The school uses energy conservative lighting and maintains the amenities that further the CHS traditions, such as a football stadium with a seating capacity of 6,000 as well as an auditorium and basketball gym. Other improvements at the school include choral and band rooms equipped with sound barriers, a greenhouse, an Army JROTC area and courtyard.
To keep students safe, there is a 24-hour surveillance system in place with about 250 cameras throughout the school. The school is being financed through Special Purpose Local Option Sales Tax.
No Child Left Behind Waiver
Younger students at the new CHS will not face some of the academic challenges as their peers and teachers may begin feeling relief as State Superintendent John Barge formally submitted a No Child Left Behind waiver to U.S. Secretary of Education Arne Duncan.
Georgia is one of the first states seeking a waiver from some of the requirements within NCLB, previously requesting an application for a waiver in September alongside U.S. Sen. Johnny Isakson. Barge has proposed a College and Career Ready Performance Index to measure performance rather than using NCLB standards.
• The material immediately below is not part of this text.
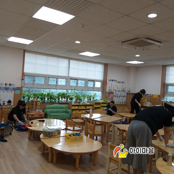 깊은샘유치원 책걸상 교구장 교구재 등을 스팀세척살균소독 하였습니다.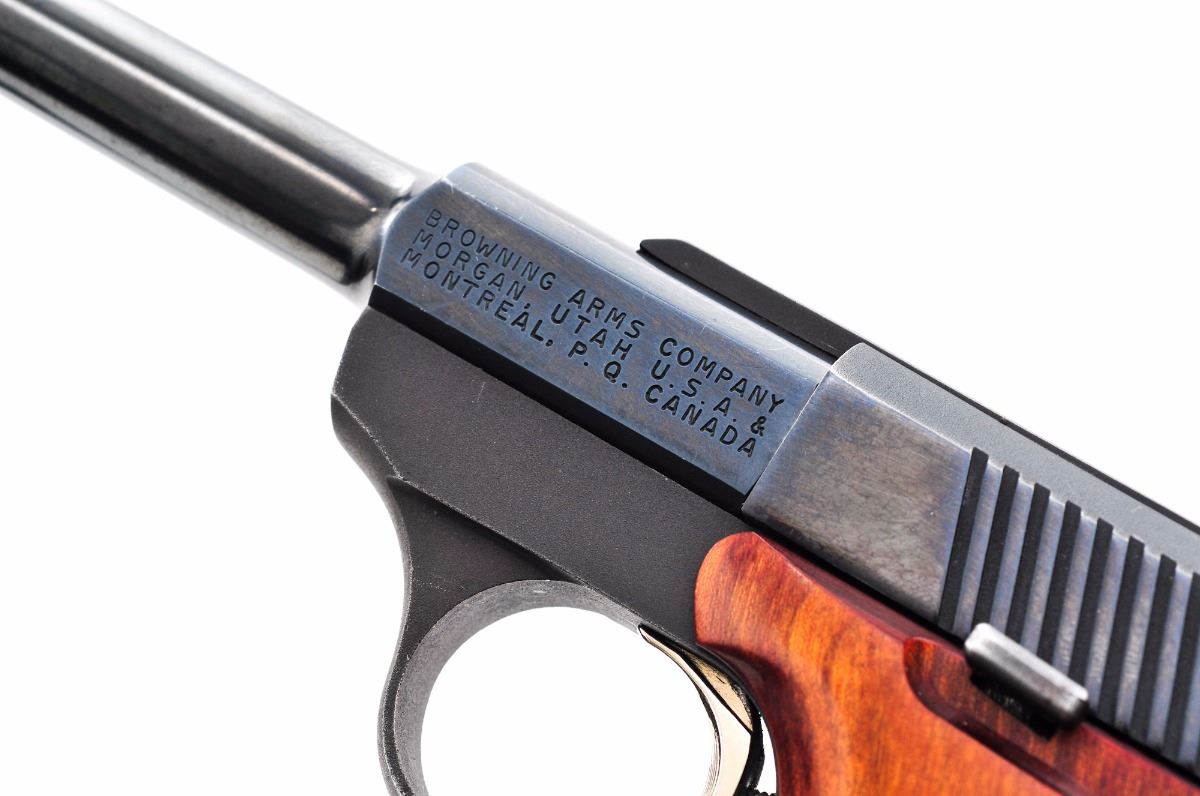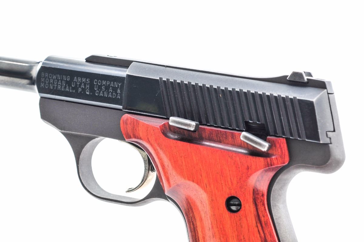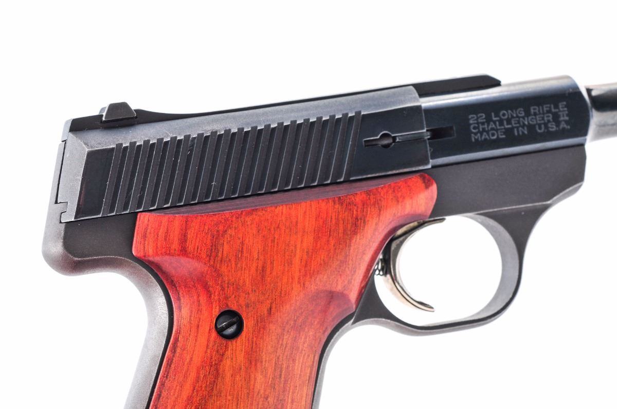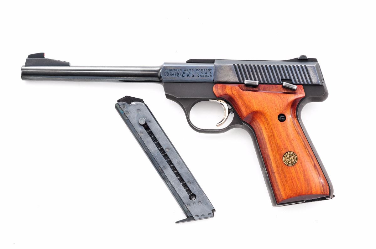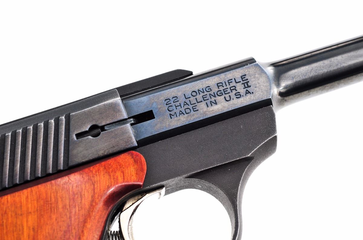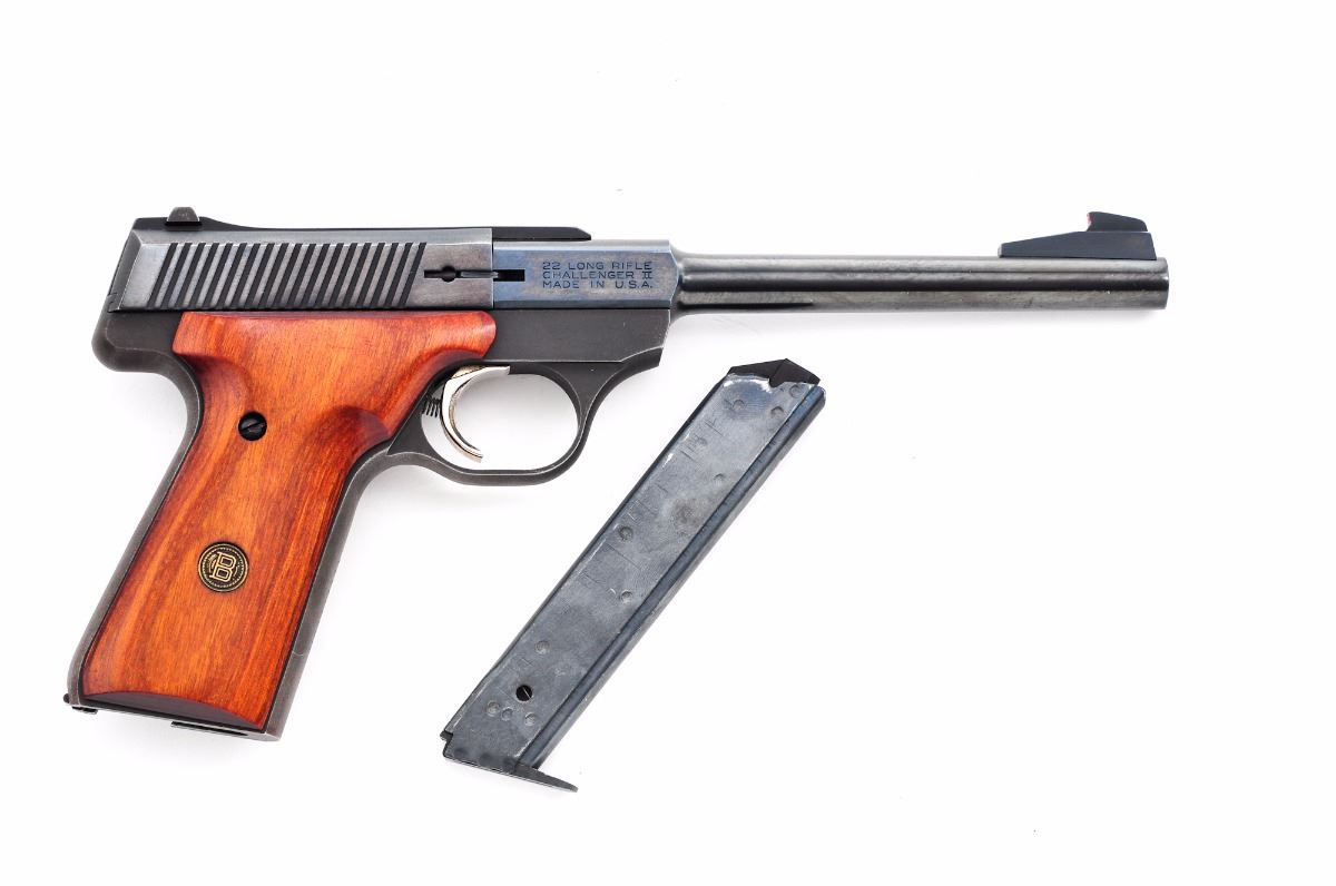 Browning Challenger II Semi-Automatic Pistol, #655PZ06222, .22 LR cal., 6-3/4'' barrel, blue finish, smooth walnut grips, ramped blade front sight and dovetailed square notch rear sight, with one extra magazine. Condition is excellent retaining approx. 98% original blue with thinning to front and rear straps. Grips are excellent with small ''ring'' marks to the left panel. Est.: $200-$350. (Modern/PPT)

According to a press release, the CCRPI will, "measure the extent to which a school, school district, and the state are successfully making progress on a number of accountability indicators, such as content mastery, student attendance and the next level of preparation."
Separate scores will be provided in three areas to capture the essential work of individual schools and the school-wide scores in these areas will produce a school's overall CCRPI score. The areas are Achievement Score, based upon current year data; Progress Score, based upon current and prior year data; and Achievement Gap Closure Score, based upon gap closure at the state or school level.
"Through Georgia's College and Career Ready Performance Index, we will be able to use multiple indicators to determine a school's overall impact on our students," Barge said in the release. "This approach will do more to ensure that the K-12 experience provides students with the academic preparation to compete globally, as well as the career development skills aligned with the evolving requirements of our workforce."
NCLB has been widely criticized for causing unnecessary stress on educators and was named as a contributing factor in the Atlanta cheating scandal.
GateKey a model for the state
In August, Gov. Nathan Deal announced that Georgia will use the Cartersville Public School System's GateKey Scholarship as a model for a needs-based scholarship program.
The GateKey scholarship program, which began in 2007 through the Cartersville Schools Foundation, awards college scholarships for eligible students beginning as early as the fourth grade while holding students accountable for their grades and behavior throughout their academic career.
The scholarships are two-year scholarships awarded for Chattahoochee Technical College or Georgia Highlands College. However, foundation president Lisa Bell said recipients can petition the foundation to use scholarship funds toward other colleges.
She explained the GateKey program takes students who are considered to be college-bound, but may lack the finances or other support systems to make it to college once they graduate.
Georgia is one of 10 states to be awarded $1 million by Complete College America to fuel policy innovations and reforms aimed at significantly increasing college completion.